(Provided records begins)

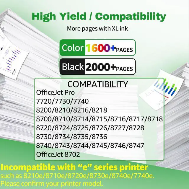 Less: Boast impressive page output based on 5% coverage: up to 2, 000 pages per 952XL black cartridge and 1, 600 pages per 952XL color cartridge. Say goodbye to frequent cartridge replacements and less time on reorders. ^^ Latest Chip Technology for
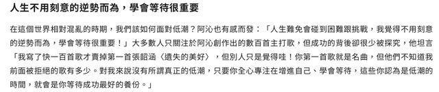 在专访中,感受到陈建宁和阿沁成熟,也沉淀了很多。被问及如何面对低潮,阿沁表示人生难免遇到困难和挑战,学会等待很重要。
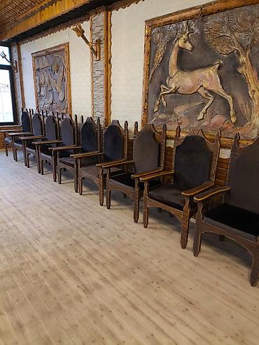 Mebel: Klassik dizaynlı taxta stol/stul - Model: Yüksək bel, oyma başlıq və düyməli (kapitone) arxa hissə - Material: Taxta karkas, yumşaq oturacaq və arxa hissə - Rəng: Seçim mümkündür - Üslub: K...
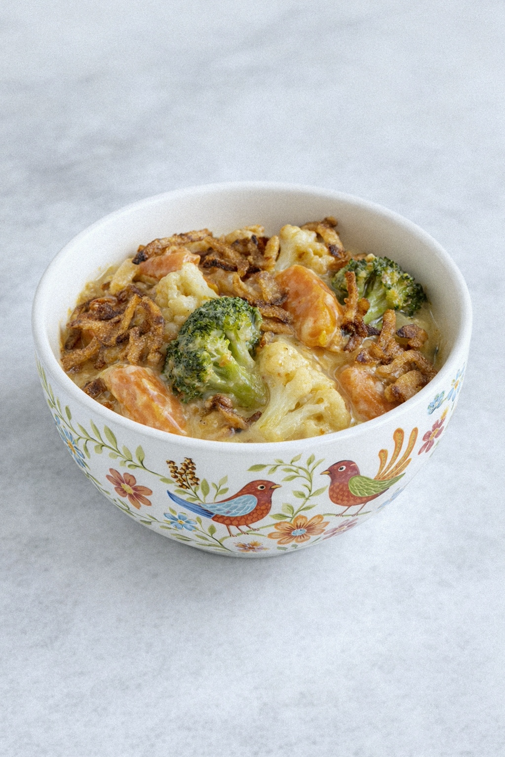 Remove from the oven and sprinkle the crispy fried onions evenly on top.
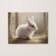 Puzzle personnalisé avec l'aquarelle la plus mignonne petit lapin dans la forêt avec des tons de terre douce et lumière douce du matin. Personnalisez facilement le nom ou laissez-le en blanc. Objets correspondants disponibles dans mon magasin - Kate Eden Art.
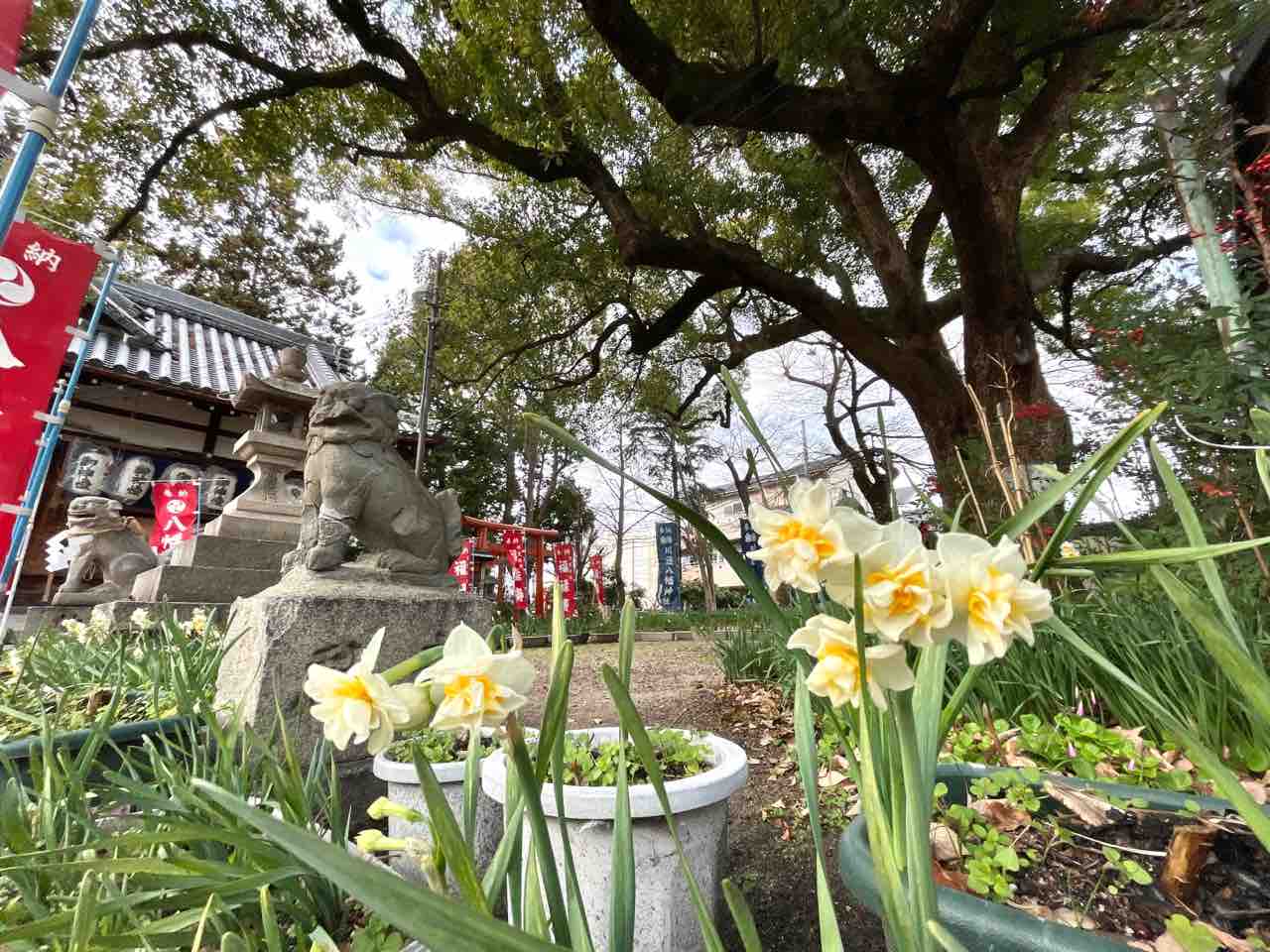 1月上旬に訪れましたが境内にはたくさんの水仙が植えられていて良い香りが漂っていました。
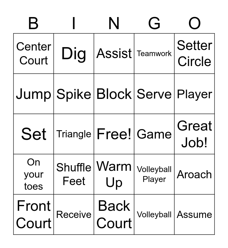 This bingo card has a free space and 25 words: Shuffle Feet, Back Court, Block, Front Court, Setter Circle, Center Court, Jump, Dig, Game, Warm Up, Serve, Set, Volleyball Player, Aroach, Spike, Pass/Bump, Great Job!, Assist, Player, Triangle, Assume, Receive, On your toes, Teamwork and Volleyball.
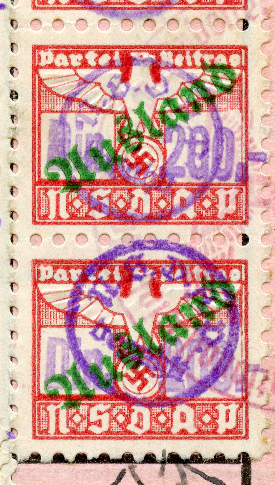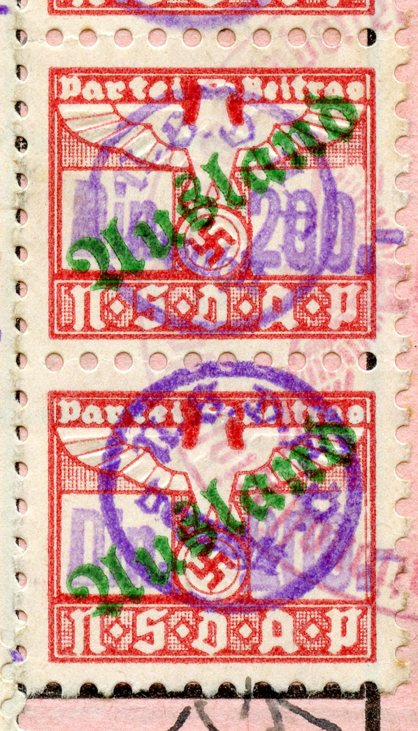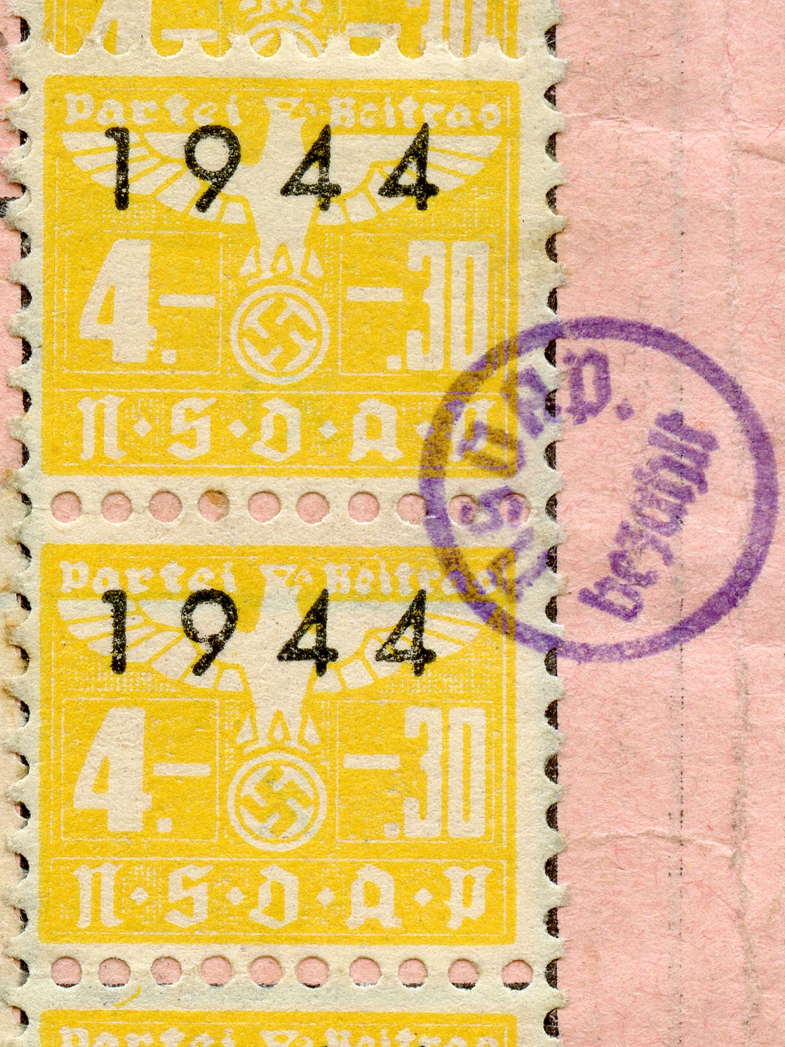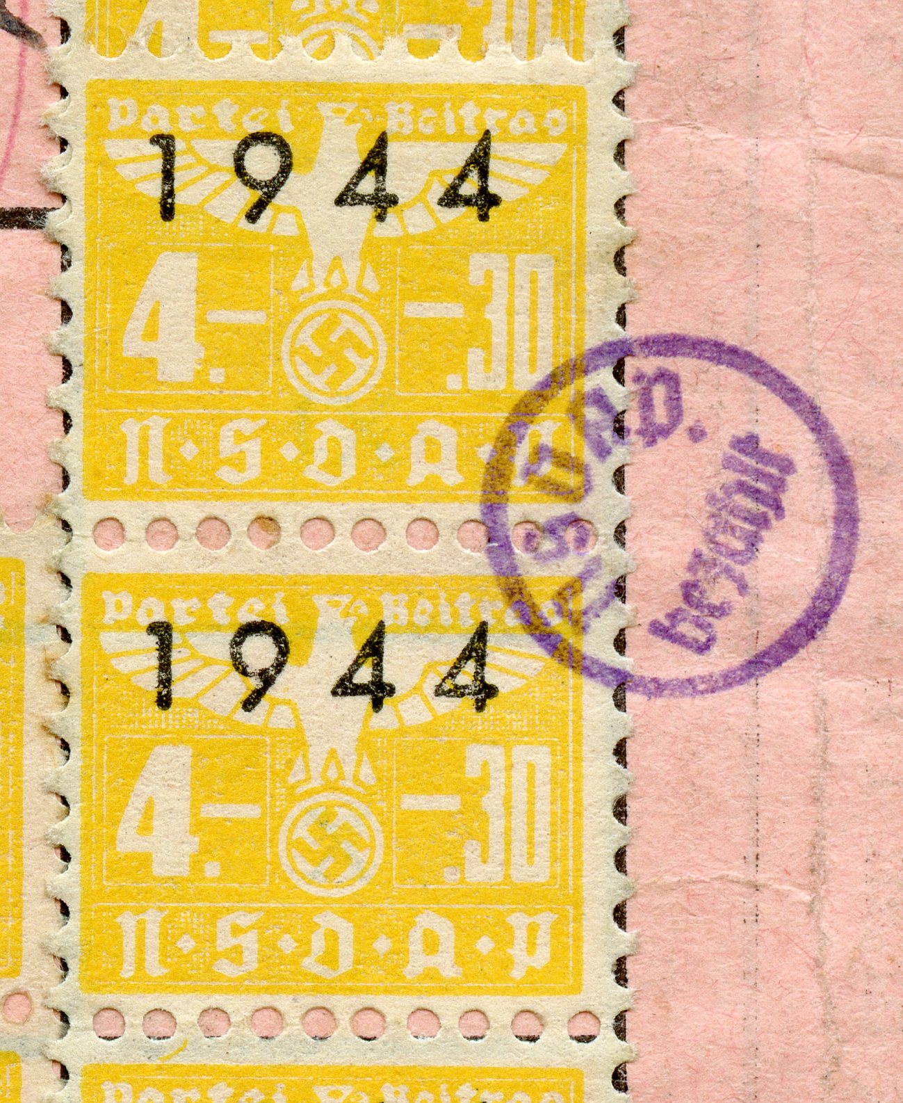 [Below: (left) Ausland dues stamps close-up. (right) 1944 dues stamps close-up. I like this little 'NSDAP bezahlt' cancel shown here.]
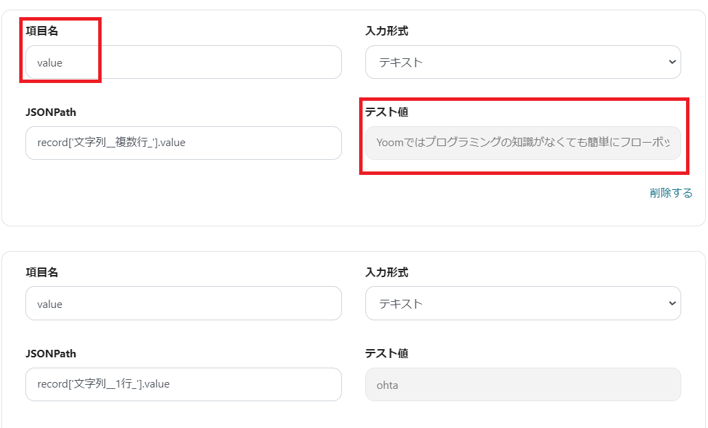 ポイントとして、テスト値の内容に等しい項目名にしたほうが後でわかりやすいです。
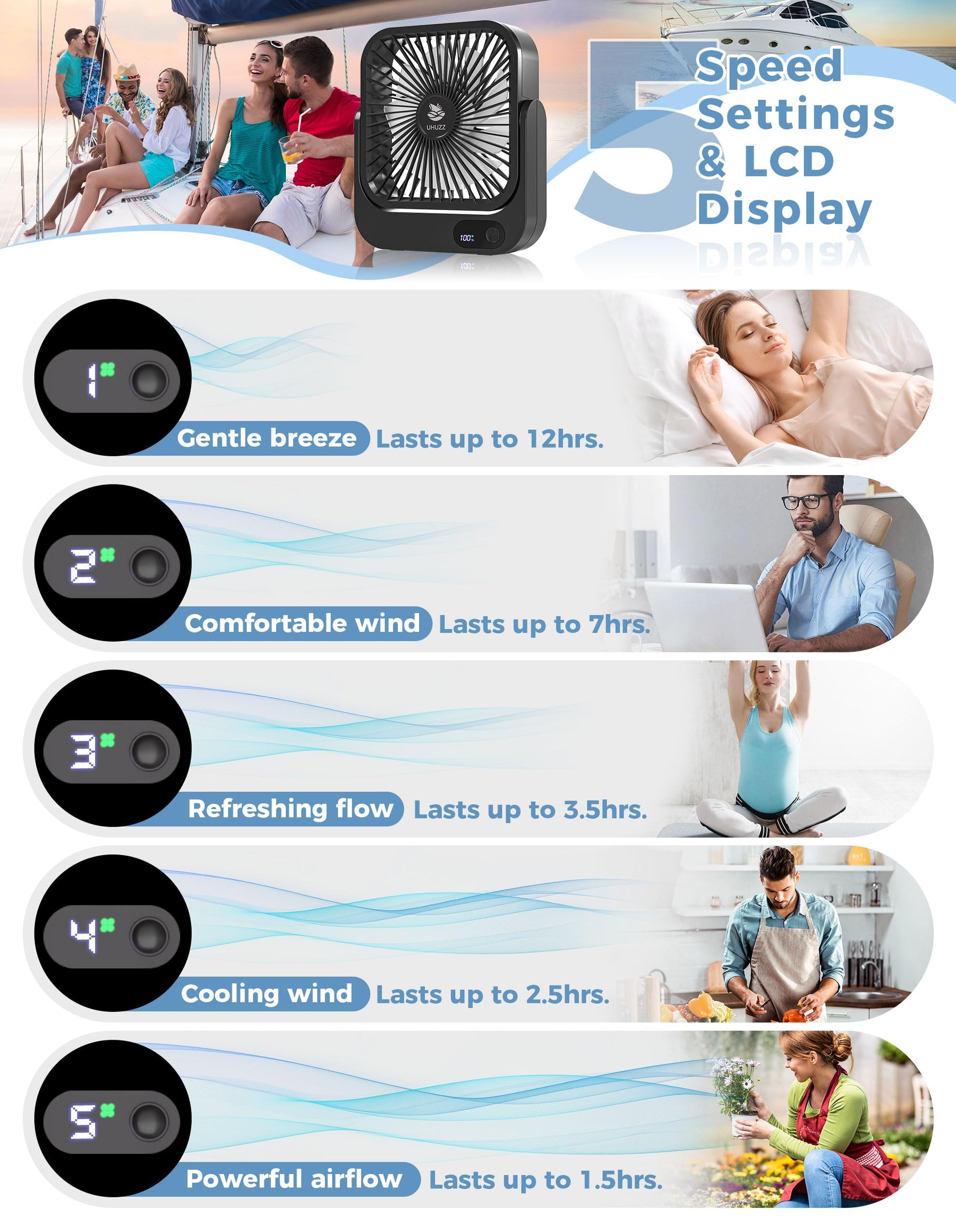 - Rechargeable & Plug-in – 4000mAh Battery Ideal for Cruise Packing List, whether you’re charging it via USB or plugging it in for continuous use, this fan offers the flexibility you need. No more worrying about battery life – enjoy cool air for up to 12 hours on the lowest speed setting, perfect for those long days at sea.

(Provided records ends)

Print each line of the listing, starting at its first and ending with the line that holds "Remove from the", but skip any pictures.

 Less: Boast impressive page output based on 5% coverage: up to 2, 000 pages per 952XL black cartridge and 1, 600 pages per 952XL color cartridge. Say goodbye to frequent cartridge replacements and less time on reorders. ^^ Latest Chip Technology for
 在专访中,感受到陈建宁和阿沁成熟,也沉淀了很多。被问及如何面对低潮,阿沁表示人生难免遇到困难和挑战,学会等待很重要。
 Mebel: Klassik dizaynlı taxta stol/stul - Model: Yüksək bel, oyma başlıq və düyməli (kapitone) arxa hissə - Material: Taxta karkas, yumşaq oturacaq və arxa hissə - Rəng: Seçim mümkündür - Üslub: K...
 Remove from the oven and sprinkle the crispy fried onions evenly on top.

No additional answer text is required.